Posted to dev@jena.apache.org by "Andy Seaborne (JIRA)" <ji...@apache.org> on 2014/06/30 13:55:25 UTC
[jira] [Commented] (JENA-734) Filter Pushing should not apply a
filter multiple times when the expression is not stable e.g. RAND()
[ https://issues.apache.org/jira/browse/JENA-734?page=com.atlassian.jira.plugin.system.issuetabpanels:comment-tabpanel&focusedCommentId=14047581#comment-14047581 ]
Andy Seaborne commented on JENA-734:
------------------------------------
{{table unit}} is correct. It is putting a function, all of whose variables are satisfied, before the first triple pattern. a filter always has to filter something as well as the incoming stream from the {{sequence}}.
> Filter Pushing should not apply a filter multiple times when the expression is not stable e.g. RAND()

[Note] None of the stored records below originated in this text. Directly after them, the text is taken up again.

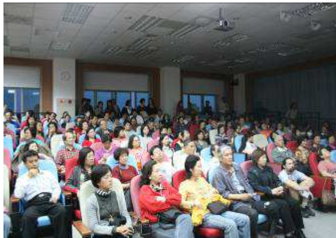
社區大學舉辦講座及電影欣賞
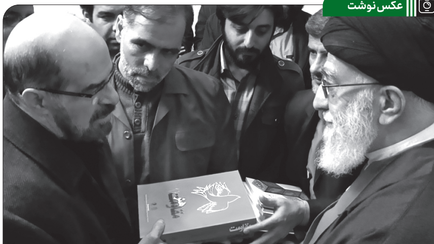
تصویری از گفت و گوی مرحوم حبیب الله صادقی هنرمند انقلابی با رهبر انقلاب

واقعاً به شیخ فضل الله خیلی ظلم شده است... امام نسبت به مرحوم شیخ فضل الله خیلی تبجیل و احترام دارند و به خاطر همان تصلب و شجاعت و دین گرایی کاملش، بدون اغماض آن بزرگوار را تعظیم و تجلیل هم می کنند؛ که این در بیانات خود امام هم آمده است. ● ۱۳۸۲/۰۵/۱۳ ملتی که در شهر تهران ایستادند و تماشا کردند که مجتهد بزرگی مثل شیخ فضل الله نوری را بالای دار بکشند و دم نزدند؛ دیدند که او را با اینکه جزو بانیان و بنیانگذاران و رهبران مشروطه بود، به جرم اینکه با جریان انگلیسی و غرب گرای مشروطیت همراهی نکرد، ضد مشروطه قلمداد کردند - که هنوز هم يك عده قلمزن ها و گوینده ها و نویسنده های ما همین حرف دروغ بی مبنای بی منطق را نشخوار و تکرار می کنند - پنجاه سال بعد چوبش را خوردند. ● ۱۳۸۴/۰۸/۰۸ به مناسبت یازدهم مرداد ماه، سالروز شهادت آیت الله شیخ فضل الله نوری (۱۲۸۸ ه ش)
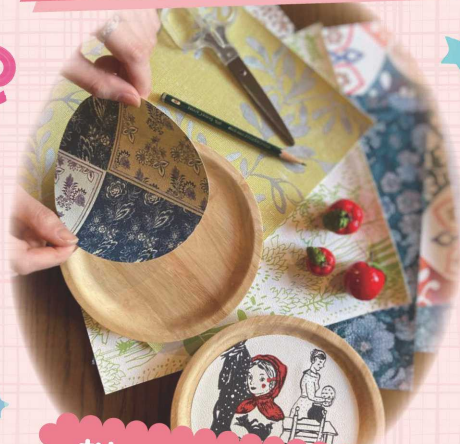
おしゃれな壁紙で作る オリジナルトレイ

> -----------------------------------------------------------------------------------------------------
>
> Key: JENA-734
> URL: https://issues.apache.org/jira/browse/JENA-734
> Project: Apache Jena
> Issue Type: Bug
> Components: ARQ
> Affects Versions: Jena 2.11.2
> Reporter: Rob Vesse
> Fix For: Jena 2.12.0
>
>
> In our internal testing of the 2.11.2 we've encountered a query where the new more aggressive filter pushing behaviour causes an incorrect query plan to be produced.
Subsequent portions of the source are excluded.